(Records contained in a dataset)
================================

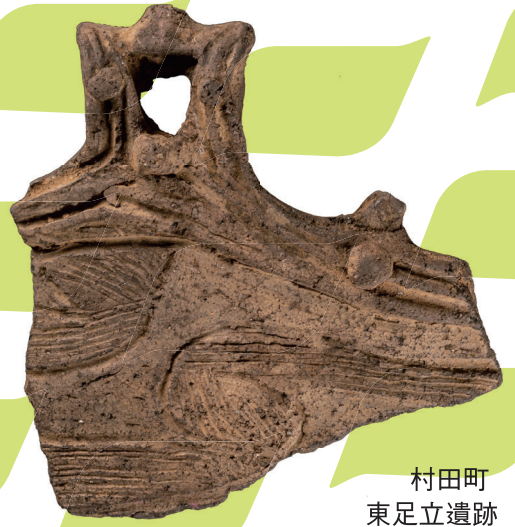
村田町 東足立遺跡
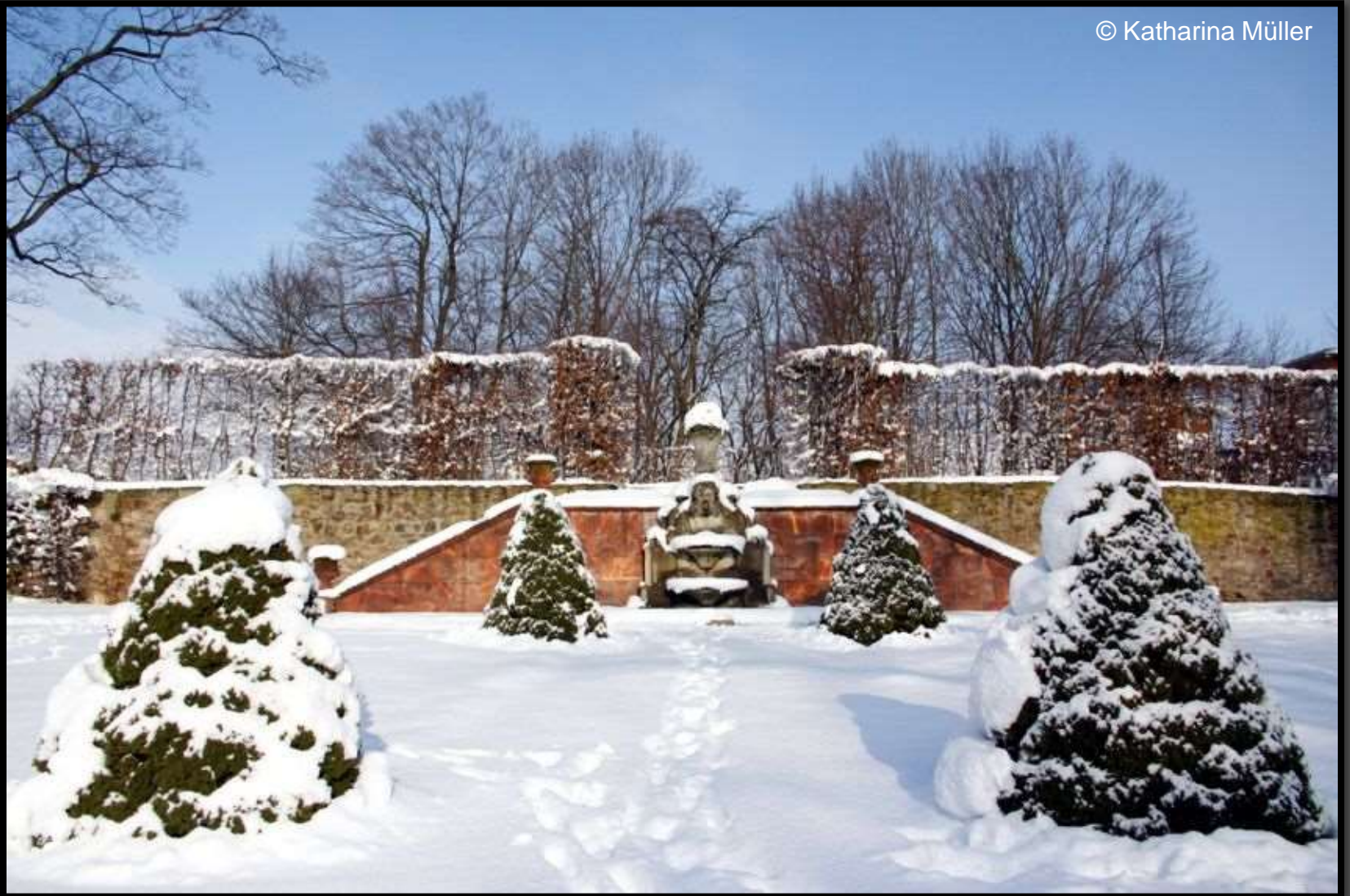
Oberer Teil des Neuen Stückes
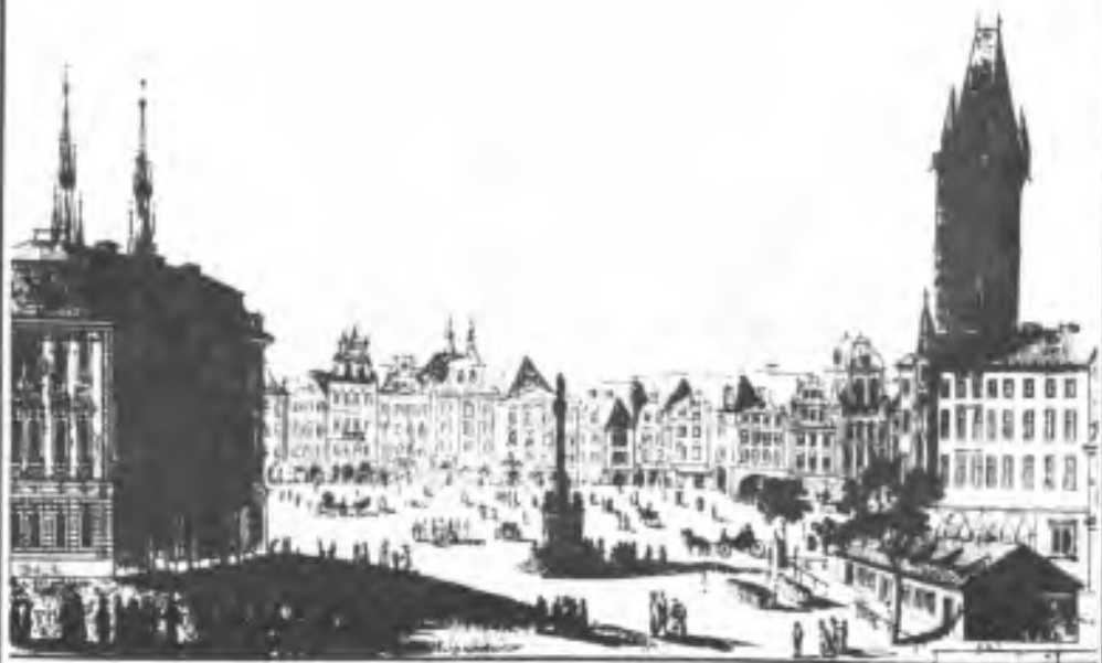
Die Aussicht der großen Plätze der Tschechischen Altstadt Prag, wie sie hier von der Mittel- nachts-Seite, am Mittag anzusehen ist.
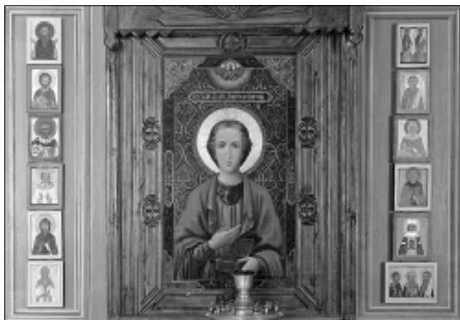
Икона святителя Николая. Икона апостола и евангелиста Иоанна Богослова. Икона великомученика и целителя Пантелеимона.
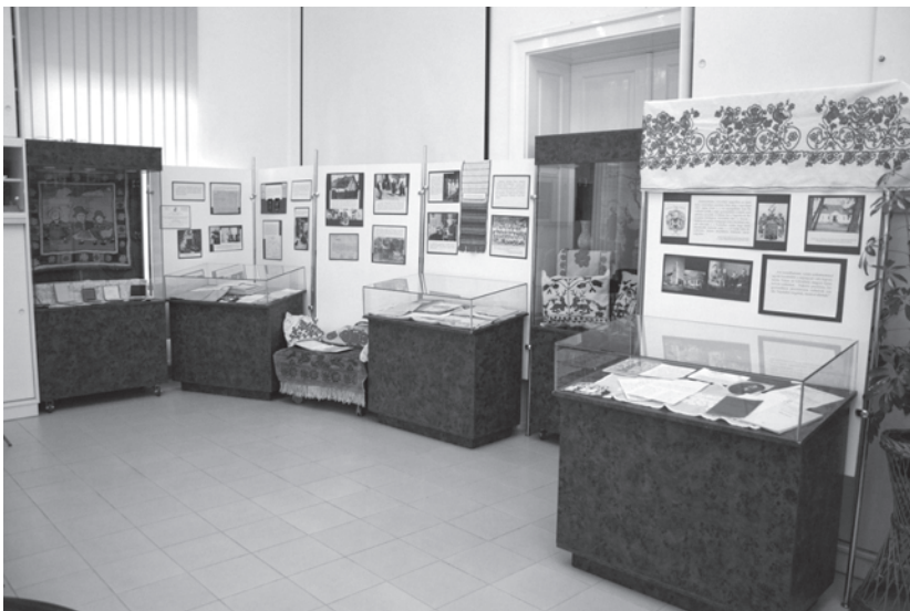
13. kép. A Bihari Múzeum emlékkiállítás
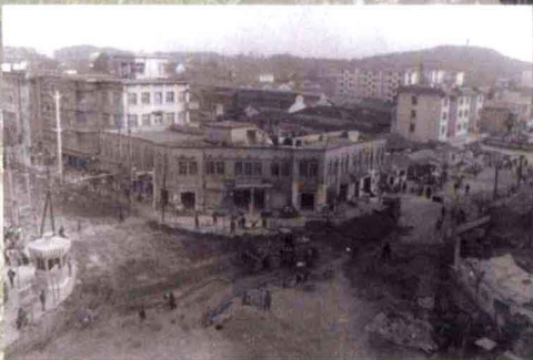
改造前的北海路口
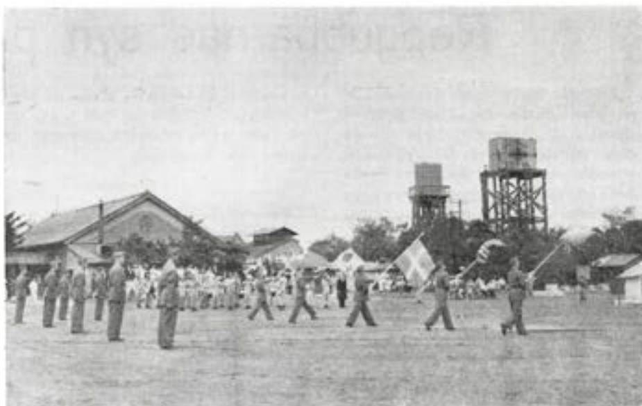
Parad för fanan på 3-årsdagen. Fanorna äro fr v Röda korsets, Koreas, Sveriges, USA:s och FN:s

Den 23 september 1953 hade sjukhuset varit i verksamhet under 3 år. 3-årsdagen firades med en enkel men värdig militär högtidlighet till vilken inbjudits
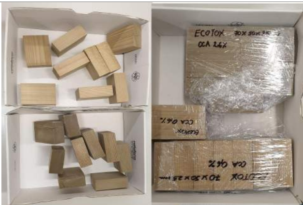
Figura2: Parte dei provini di dimensioni 70 × 50 × 25 mm per WP 3.3.3 (ATT16) e WP 3.3.4 (ATT17).
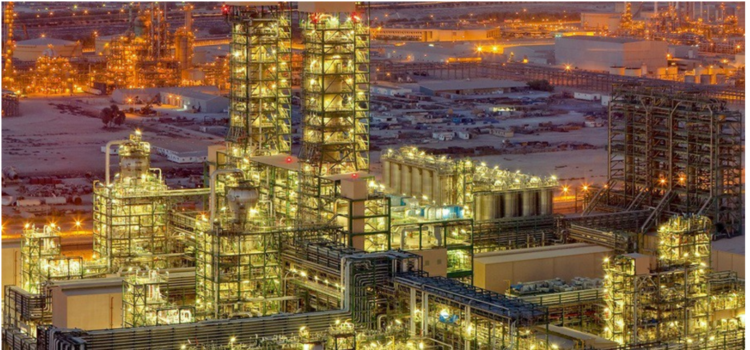
L'installation de production de polyéthylène de Linde à Al-Jubayl, en Arabie saoudite.
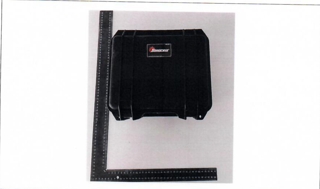
Ürün fotoğrafı 1 / Product photo 1
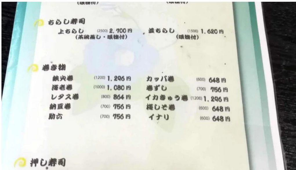
寿司和食 きらく カタログ

================================

The word to find is "årsdagen". Copy every line of the records that holds it.

Parad för fanan på 3-årsdagen. Fanorna äro fr v Röda korsets, Koreas, Sveriges, USA:s och FN:s
Den 23 september 1953 hade sjukhuset varit i verksamhet under 3 år. 3-årsdagen firades med en enkel men värdig militär högtidlighet till vilken inbjudits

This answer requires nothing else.